6 Principles of a Well Managed Change

Changes Are Good, But Only if They Are Well Managed

Bhavik Gudka
Capital One Tech
6 min readJun 4, 2019

--

We often hear that change is good, but some data suggests that as much as 70% of outages are due to changes in a live system.

As engineers, we are all busy making changes left and right to enhance the customer experience, but in the heat of the moment we can end up disrupting business in a negative way. This could be due to missing out on a key requirement, missed dependency on an external component, or simply the failure to adequately test the intended change. We can sometimes forget to follow simple guidelines, even the most basic ones that we all agree are important for delivering awesome customer experiences. So I wanted to write down some principles that can help us as engineers to introduce well-managed changes in production.

So what are the principles of a Well Managed Change?

Please note that every principle is tied to a question that you need to ask yourself before introducing a change in production.

Who Needs to Know About This Change?

This is perhaps the most important question to ask, which is why it’s first. Answering this will help you identify your stakeholders in this change. Possible stakeholders could include:

  • Business/Product teams
  • Clients
  • Backends
  • Leadership
  • Compliance/Risk/Cyber

Knowing who your stakeholders are means you know whom to communicate with. It’s extremely important to communicate about your change in advance to avoid surprises. Moreover, open and clear lines of communication give your stakeholders an opportunity to either stop you if they see a risk [NO-GO] or prepare for the change from a pre/post validation perspective [GO]. This becomes extremely important if the stakeholder owns a change that depends on your change or vice versa.

What Are You Changing?

Is it one change or multiple changes lumped into one release? Are the changes dependent on each other and what are the risks of each? Is it a business change (enhancement/new feature), defect fix, non-functional change (optimization/tuning), compliance related (an infra upgrade like AMI/RDS, security risk remediation, etc.)? Will this change violate any of the compliance requirements of your company like Cyber, SOX compliance, etc.

When making changes, you should avoid putting too many eggs in the same basket! This means decoupling unrelated changes as much as possible and making sure that business changes are isolated from other change types whenever possible. This will prevent one bad change from impacting all the other good changes and allow you to make incremental progress.

When Should You Perform This Change?

Imagine you are in the middle of purchasing an airline ticket online that costs $800. You’ve filled out all information and reach the final page where you hit the purchase button. Except the airline company performed a production change causing an error and forcing you to start from scratch. Now the cost of that ticket has changed to $900. Or worse, it was the last one and it’s now been booked by somebody else.

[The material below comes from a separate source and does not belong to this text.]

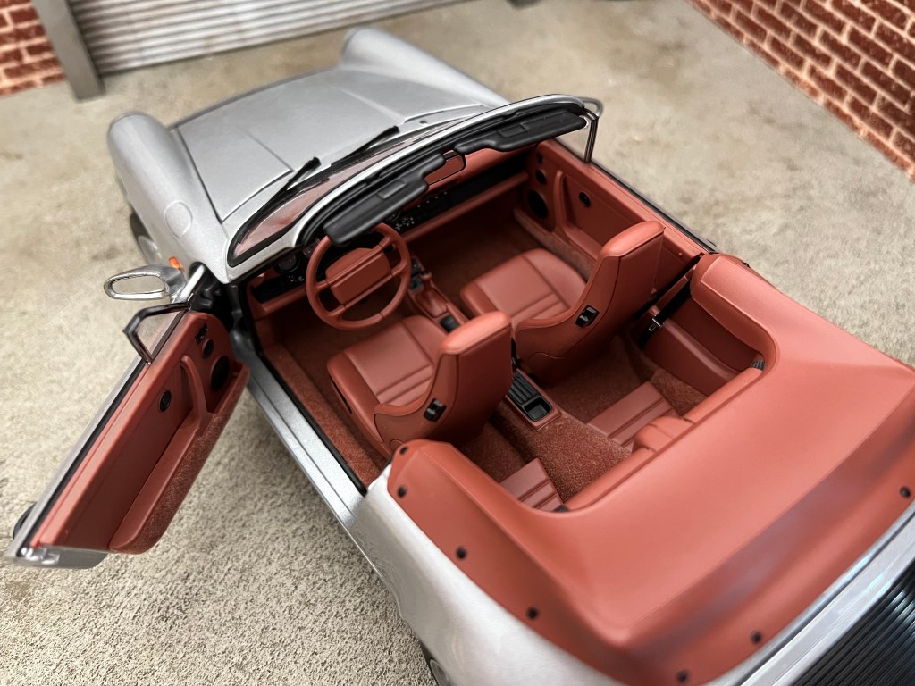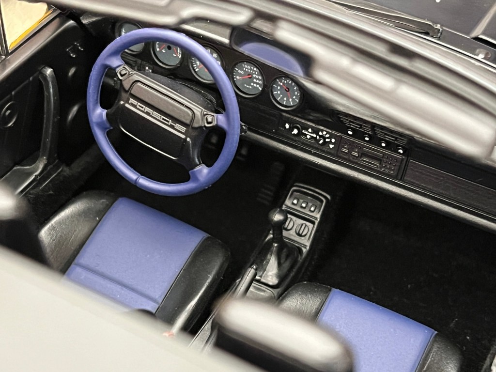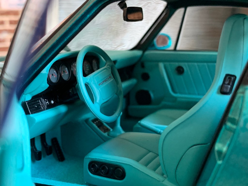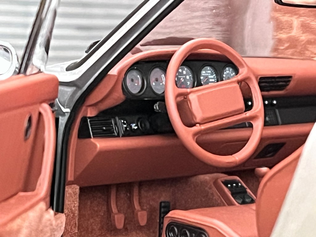 L’habitacle est identique à toutes ces 964. La seule différence concerne la couleur de l’habillage. Quel que soit ce coloris, la réalisation est d’un très bon niveau et conforme au modèle à l’échelle Un.

You would be mad at that airline, right? This was a simple example of an ill-timed production change, worse things can happen. (Please note that I have experienced this myself and was super mad.)

Timing is everything and answering this is an important question. Always assume the worst case scenario is possible and think through what could go wrong if your change causes an impact to customers/clients. Ideally, it’s best to perform changes when there is no production traffic. However, for 24*7 apps, you’ll need to understand the traffic pattern and identify the safest window with minimum activity for production changes. I know everyone loves day time releases. Trust me I do too. But is that really what’s best for your customers?

How Will This Change Be Deployed?

This may be a million dollar question. There is no one right or wrong answer, it’s always about relevance and can depend on all of the other questions we are discussing today. There are many components that make up a production system. We have the code itself, configurations, infrastructure, etc. and together they make up a production stack.

Now I’ll describe a little bit about the deployment approach that has worked best for me and my teams during the last 12 years in IT.

  • Treat your production stack as code and version it. Never modify the existing stack that is serving traffic. Instead, switch traffic from the old stack to the new stack. If feasible, the switch should be gradual. In other words, you should use the blue-green approach to deploy stacks, but traffic flip can be via canary or blue-green deployments depending on the use case.
  • Slow and steady. Is your change backward compatible (no interface changes, no new endpoints, no client changes dependent on this, no dependency on backend change)? If yes, then it’s better to follow a slow and steady approach by switching traffic in increments. In my last organization, we used to toggle traffic from 0 to 5 to 25 to 50 to 100%. For most releases, we switched up to 5% of the traffic, observed it for 24 hours, and then gradually ramped up to 100% the following night. This allowed us to observe how clients/customers reacted to the change.
  • All or nothing approach. Non-backward compatible changes cannot go through a slow and steady approach. You can flip the traffic from 0 to 100 but you will need to have solid monitoring/alerting in place to flip it back if needed.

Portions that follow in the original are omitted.